What can account for this uniformity? There are several options. Conceivably, these mutations could increase viral fitness. Both mutations characterizing the main import clade, nsp2:K81N and ORF7a:P45L, are nonsynonymous, making this possibility realistic. However, neither of the two mutations is an obvious candidate for adaptiveness. There is also no evidence that the nsp2:K81N+ORF7a:P45L combination is characterized by an increased rate of spread compared to other Delta variants. While AY.122 has spread rapidly throughout Russia, and at least in Moscow this spread has been driven by a high Re>1 (Fig. 4), this rapid spread was against the background of non-delta variants (Fig. 1). The frequency of AY.122 among delta variants in Russia has been high almost from the start, and its early increase in frequency among Delta samples (Fig. 3A) happened while Delta cases were still low, indicating that it could be random. While it has later been established in numerous other countries in late spring and summer, its frequency has remained modest and not increased monotonically outside Russia.

Therefore, the high prevalence of the AY.122+ORF7a:P45L lineage in Russia is probably due to chance. As dispersal of SARS-CoV-2 within countries is more rapid than trans-border transmission, the role of chance in the spread of selectively equivalent variants is high. Indeed, some of the lineages have previously risen in frequency in Russia (e.g. B.1.1.317, [46]) and elsewhere (e.g. “European lineage” EU1, [47]) before declining, indicating that the changes defining them did not confer substantial fitness advantage. Although imports of Delta variants into Russia were multiple, even closely dated imports differed strikingly by their success (Fig. 3B).

Several factors could contribute to the biased composition of the Delta epidemic in Russia compared to most other countries. First, it could result from a geographic bias in the origin of imports. The earliest samples carrying the nsp2:K81N+ORF7a:P45L combination are sporadic, and were often deposited months later than collected, suggesting that they could be misdated in GISAID (Table S4). However, since mid-April, this combination started to appear nearly simultaneously among Delta samples from multiple countries. This suggests that it had originated earlier in a poorly sampled location (Table S4). In the second quarter of 2021, the top ten countries with the strongest passenger traffic with Russia were Abkhazia, Ukraine, Turkey, Kazakhstan, UAE, Cyprus, Armenia, Finland, South Ossetia, and Egypt (https://fedstat.ru/indicator/38480). Most of these countries sequence little. Nevertheless, nsp2:K81N+ORF7a:P45L has been observed in four of them (Table S4).

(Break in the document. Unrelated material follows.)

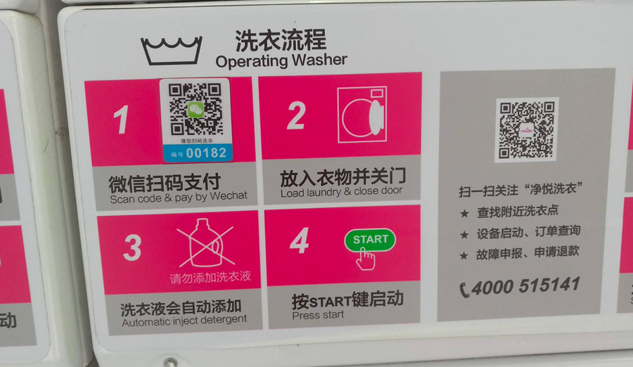Het voelt als science fiction wanneer je de QR-code van een wasmachine in een wasserette kan scannen via WeChat. Elke machine heeft een unieke QR, dus weet de app welke je gebruikt.

Second, the size of the trans-border transmission bottleneck could be affected by the measures aimed at limiting passenger traffic. Indeed, the countries with the largest contribution of a single import event to Delta cases (those in top left in Fig. 5B) include Japan, Australia and Singapore, some of the countries with the most stringent border policies in place. In Russia, however, the situation was very different. International traffic through Russian airports was higher in Spring 2021 than in most months of 2020, and rose to pre-pandemic levels by late 2021 (Table S5). Novel pre-Delta transmission lineages have been emerging in Russia right up to the moment when Delta appeared (Fig. S10). Delta has also been introduced into Russia repeatedly (Fig. 3B), indicating that the homogeneity of the epidemic results from a high variance of reproductive success of imports rather than from their low numbers.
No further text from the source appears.